Vision-based AI is transforming digital health by integrating cutting-edge imaging technologies with advanced analytical methods, resulting in significant improvements in diagnostic precision and patient care. These technologies enable early disease detection by identifying subtle anomalies in medical images, streamline clinical workflows, and accelerate research by processing large datasets efficiently.
In addition, the integration of large language models (LLMs) with vision-based AI—forming Vision LLM systems—further enhances healthcare applications by combining visual data interpretation with natural language processing. This multimodal approach not only improves the generation of clinical reports and supports decision-making but also opens new avenues for comprehensive patient care.

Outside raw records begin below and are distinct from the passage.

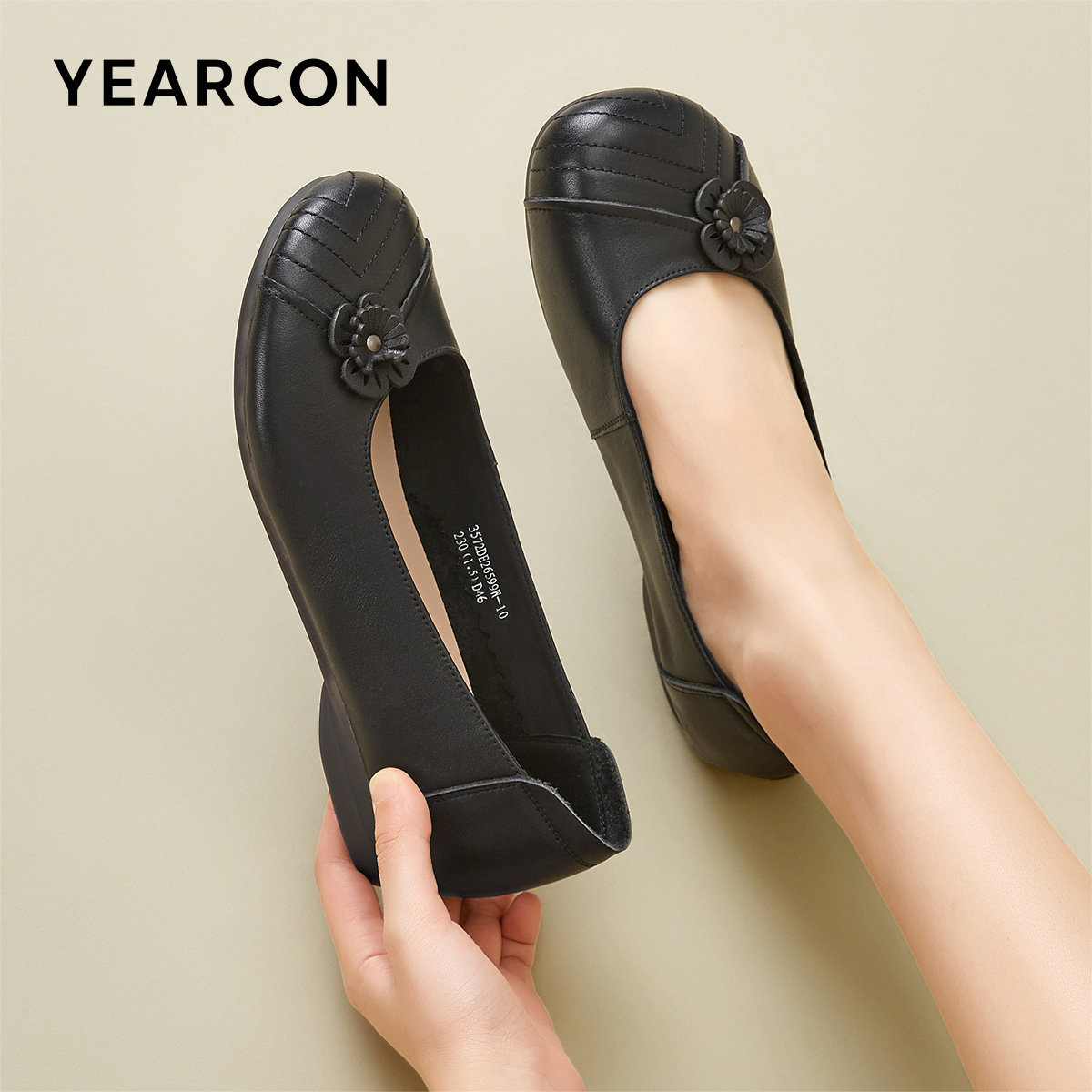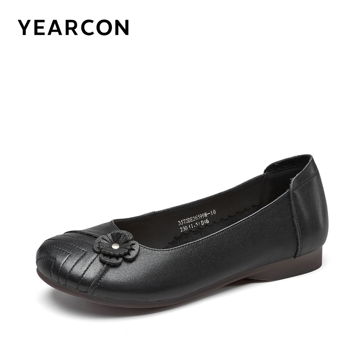 意尔康妈妈鞋春夏季真皮低跟平底舒适不累脚浅口单鞋中老年女鞋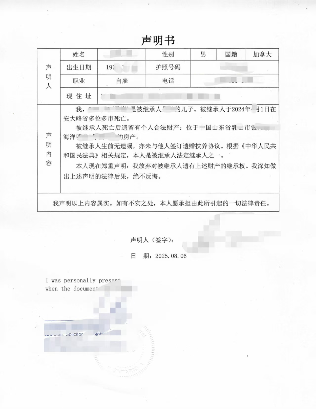 申请人 Peter Wang(加拿大公民,原中国籍)父亲在山东省去世后,遗留一处房产。Peter 作为第一顺位继承人之一,因为长期在加拿大定居且无意回国处置该房产,决定出具放弃继承权声明书,授权国内其他继承人办理房产过户。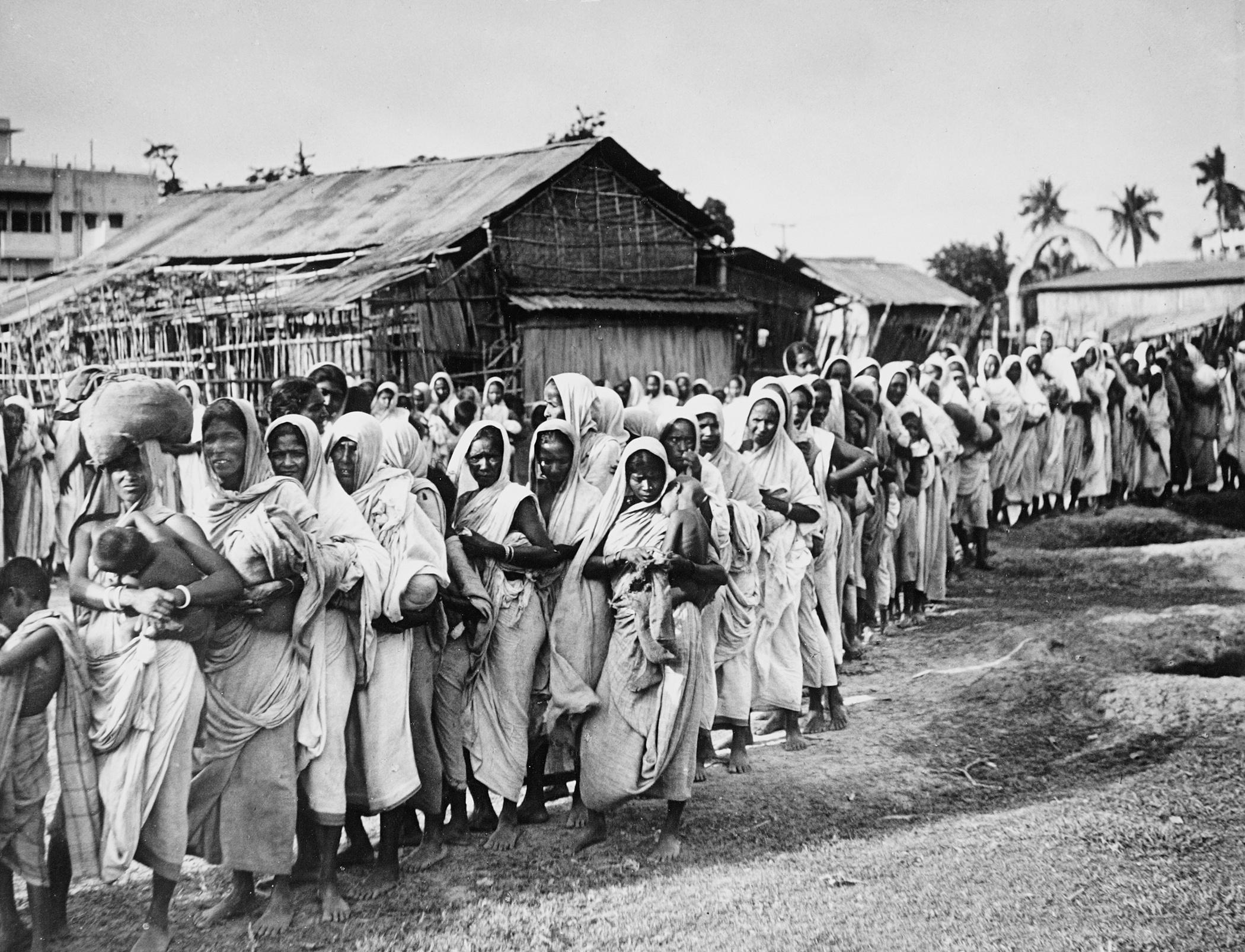 Diese Atmosphäre des Schocks entlarvt das wahre Wesen der Hungersnot als eine Realität von Extremen, sodass ihre gespenstische Erinnerung nur als verzerrte Figuration – als eine schaurige Welt des Chaos – ausgedrückt werden kann. Da diese systemischen Brüche nun offen zutage lagen, litten Tausende Familien an Arbeitslosigkeit und Hunger und blieben ihrem Schicksal überlassen, während die Hungersnot in Bengalen nur noch heftiger wütete. Dennoch versuchte eine wachsende Bevölkerung aus Flüchtlingen und Militärangehörigen beharrlich, sich auf dem betroffenen Gebiet in Sicherheit zu bringen.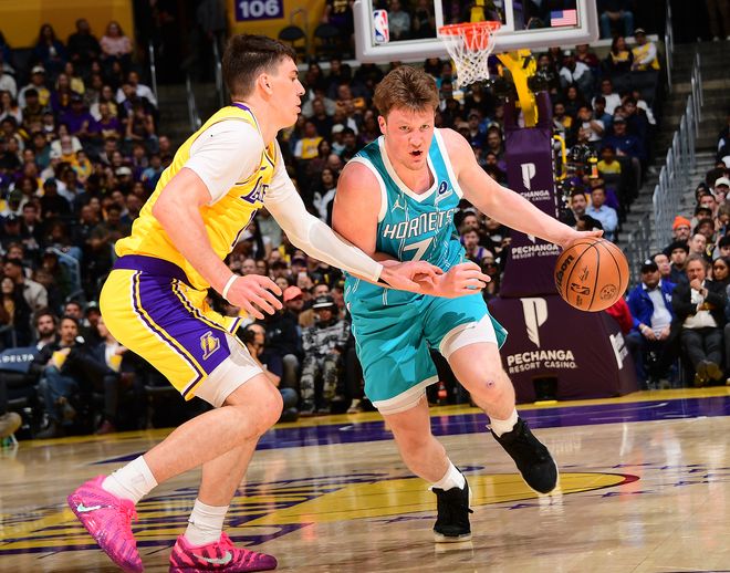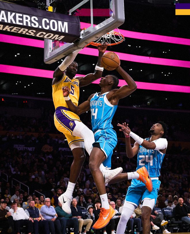 末节,拉拉维亚造犯规两罚全中,东契奇已经回到替补席,湖人最大的问题依旧是防守,黄蜂突破太轻松,好在这一节詹姆斯掌控节奏突破撕裂防守缩小到6分进入暂停。东契奇登场后湖人0-7再度落后到13分,东契奇继续打铁,布里奇斯、三球三分再中,詹姆斯完成一个突破进入暂停,詹姆斯续命2+1,詹姆斯抛投命中,湖人连丢后场篮板,詹姆斯失误湖人无力回天,鲍尔三分命中锁定胜局。

The workshop will cover a broad spectrum of topics that demonstrate the innovative applications of vision-based AI in digital health.

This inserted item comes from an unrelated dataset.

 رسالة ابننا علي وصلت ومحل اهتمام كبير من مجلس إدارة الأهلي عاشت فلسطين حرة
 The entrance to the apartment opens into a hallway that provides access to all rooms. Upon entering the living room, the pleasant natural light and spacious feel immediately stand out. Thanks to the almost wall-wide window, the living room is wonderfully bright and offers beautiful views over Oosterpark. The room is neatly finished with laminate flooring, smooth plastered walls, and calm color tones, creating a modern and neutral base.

Accepted workshop papers will be published in the official ICCV workshop proceedings.
We invite paper submissions with topics include, but not limited to:
Vision LLM for Healthcare: This topic explores the integration of large language models (LLMs) with vision-based AI to enhance healthcare applications. It will address how vision LLM systems can interpret medical images, generate detailed clinical reports, and support decision-making by combining visual and textual data. Participants will learn about innovative approaches that leverage multimodal data, discuss the challenges of aligning language understanding with visual context, and examine case studies where vision LLMs improve diagnostic accuracy and treatment planning in clinical settings.
Medical Image Analysis and Diagnostics: Examining how AI-driven techniques analyze various imaging modalities to detect abnormalities, improve diagnostic precision, and support treatment planning.
Real-Time 3D Reconstruction for Medical Endoscopy: This topic offers a concise overview of current 3D reconstruction methods for medical endoscopy, addressing challenges like featureless surfaces, variable lighting, and deformable structures. It examines techniques from monocular to multiocular approaches, compares active and passive methods, and discusses adaptations for both flexible and non-flexible endoscopes. The session will also review key error metrics, hardware considerations (GPU vs. FPGA), and benchmarking using datasets such as KITTI and Middlebury.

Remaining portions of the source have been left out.